Stamane il mio ospite e duce
piomba giù, mentre sto cucinando. Anzi,piombano in due, col felino
mollemente adagiato sulla spalla destra. Sono attaccati col mastice,
quei due. Si sono seduti sulla seggiola, con l'evidente atteggiamento
di chi aspetta che sia pronto. E io mi sono sentito chef e maître
allo stesso tempo, e, per la prima volta nei suoi confronti, medico.
Mi guarda con gli occhi socchiusi mentre mi affaccendo e, come
sempre, parlo a me stesso, ritmando il mio lavoro: "Via!",
"Fatto!", più tutte le imprecazioni che non voglio mettere
sulla carta, quando mi scotto o quando mi affetto un dito, cosa
disdicevole perché poi sanguino per ore, e cucinare incerottato è
una delle cose più brutte della vita. Non dice niente, lui, ed
entrambi sono attentissimi e non si perdono nessun passaggio.

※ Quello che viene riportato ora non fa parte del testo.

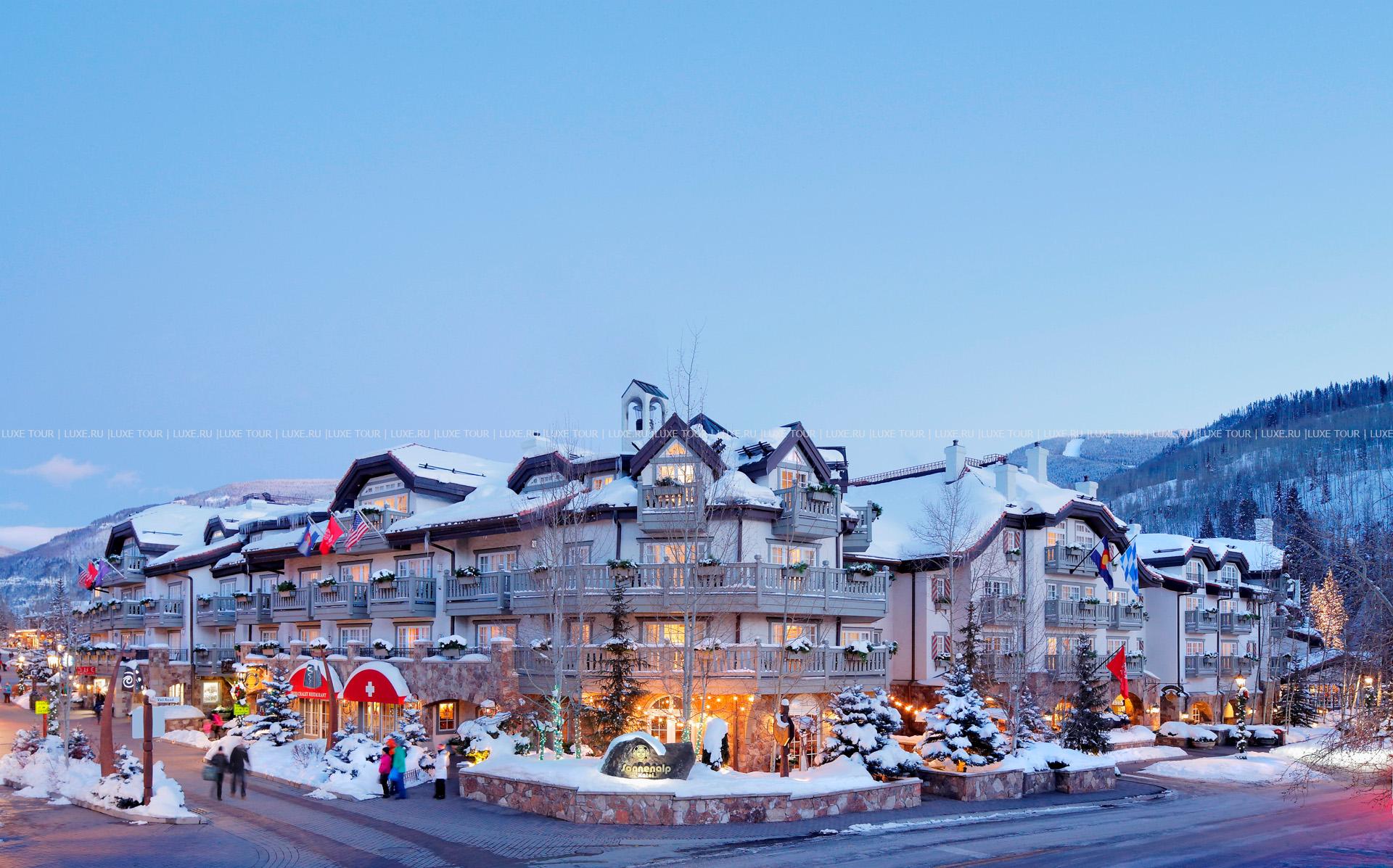 Sonnenalp Resort & Spa США — элегантный комфортабельный отель, расположенный в самом центре горнолыжного курорта Вэйл. Отель был основан в 1979 г. семьей из Баварии, и с тех пор прочно удерживает высокие стандарты сервиса в сочетании с атмосферой гостеприимного уюта. Номера, представленные на любой вкус, отличаются изысканными интерьерами в альпийском стиле и современным комфортом. К услугам гостей — бассейн с крытой и открытой секциями, прекрасно оборудованный СПА центр, разнообразие спортивных развлечений, включая собственное поле для гольфа в 20 минутах езды от отеля, а также четыре ресторана с превосходной кухней, элегантный бар с живой музыкой и современно оснащенный конференц-центр.

Questo primo, e chissà che non
sia l'ultimo, desinare insieme all'Orco, merita lo Champagne. Ed è
proprio quello che esce dal frigorifero, assieme a uno straccetto di
carne che il certosino più che mangiare aspira. Con l'occasione gli
somministro quella carezza di cui da più giorni mi porto la voglia
dietro. Dopo cena apriamo la bottiglia del Calvados, con l'illusione
che sturi davvero le arterie. Adesso, seduto di fronte a lui,
tranquillo, posso permettermi di guardarlo con un po' più di
attenzione. Prima domanda: è più vecchio di me? Forse. Condividiamo
l'uso sporadico del rasoio ma la sua barba, 7-10 giorni, è bianca.

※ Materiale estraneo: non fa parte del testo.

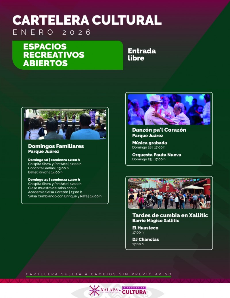 A las 17:00 horas, en el mismo lugar, se tendrá el programa “Danzón pa´l Corazón”, con la participación de la Orquesta Pauta Nueva, el domingo 25 de enero.

Il viso e le mani sono coperti da una cute raggrinzita, non più
elastica, con quelle macchie tipiche del danno da sole. Realizzo che
è inutile spiegargli che è una situazione preneoplastica. I suoi
abiti sono semplici, in tinta unita, e danno l'impressione di
pulizia. E' pettinato e ha i capelli ben tagliati (gli chiederò
quando viene il barbiere), con la scriminatura a destra. Fuma più di
me, perché ha i baffi ingialliti, assieme all'indice delle mani.

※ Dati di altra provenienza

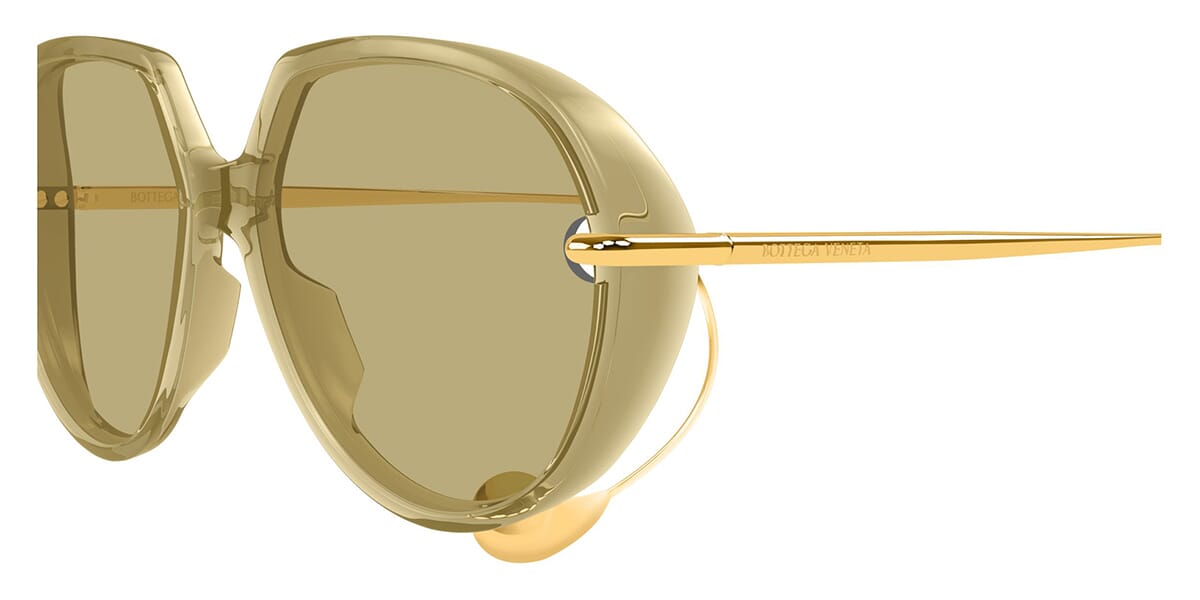This square Bottega Veneta sunglass comes in a shiny yellow crystal and gold frame with brown with light mirror lenses.

Esprime pace, in questo aiutato dalla bestia, adesso placidamente
appoggiata sul suo collo, con le zampe ai due lati, che lui tiene con
le mani. Il Moscoforo, senza dubbio, anche se il gattone non è
ancora un vitello. E come il Moscoforo sono un tutt'uno. "Come
lo chiami?", gli chiedo incoraggiato dal Calvados. Per lui
immagino qualche nome glorioso, tipo Achillèus. "Non ho bisogno
di chiamarlo, basta un'occhiata. Ma anche l'occhiata poi non serve,
mi è attaccato come una piattola...." e sghignazza
improvvisamente, gioioso del bene che il gatto gli dimostra. "Mi
piacerebbe prenderlo in braccio", penso ad alta voce. "Non
ci riuscirai. Lui è parte di me". Ok, pratica chiusa.
"Come sei finito qua?"
gli chiedo, più che con curiosità con lo stupore di avere avuto il
coraggio di chiederglielo. "Non sono capace a vivere come gli
altri. So rendermi veramente intollerabile. E la pazienza di quella
donna a un certo punto è finita. Si è fatta una valigina e se ne è
semplicemente andata via. Dopo una settimana ero sul gommone, quello
che ha portato te. Certo, mi manca parecchio. Credo di averla amata
tanto ma forse non è stato abbastanza. O forse mi sono ostinato nel
credere che lei fosse la donna giusta. Si vede che così non era. Non
ho avuto il coraggio di provare a ricominciare. Sono scappato".
Pronuncia queste parole con tono
un po' ironico. Capisco bene che la ferita è ancora aperta, ancorché
non recente. Chissà cosa avranno sbagliato....
Siamo scappati entrambi, quindi,
ma entrambi non possiamo scappare da noi stessi.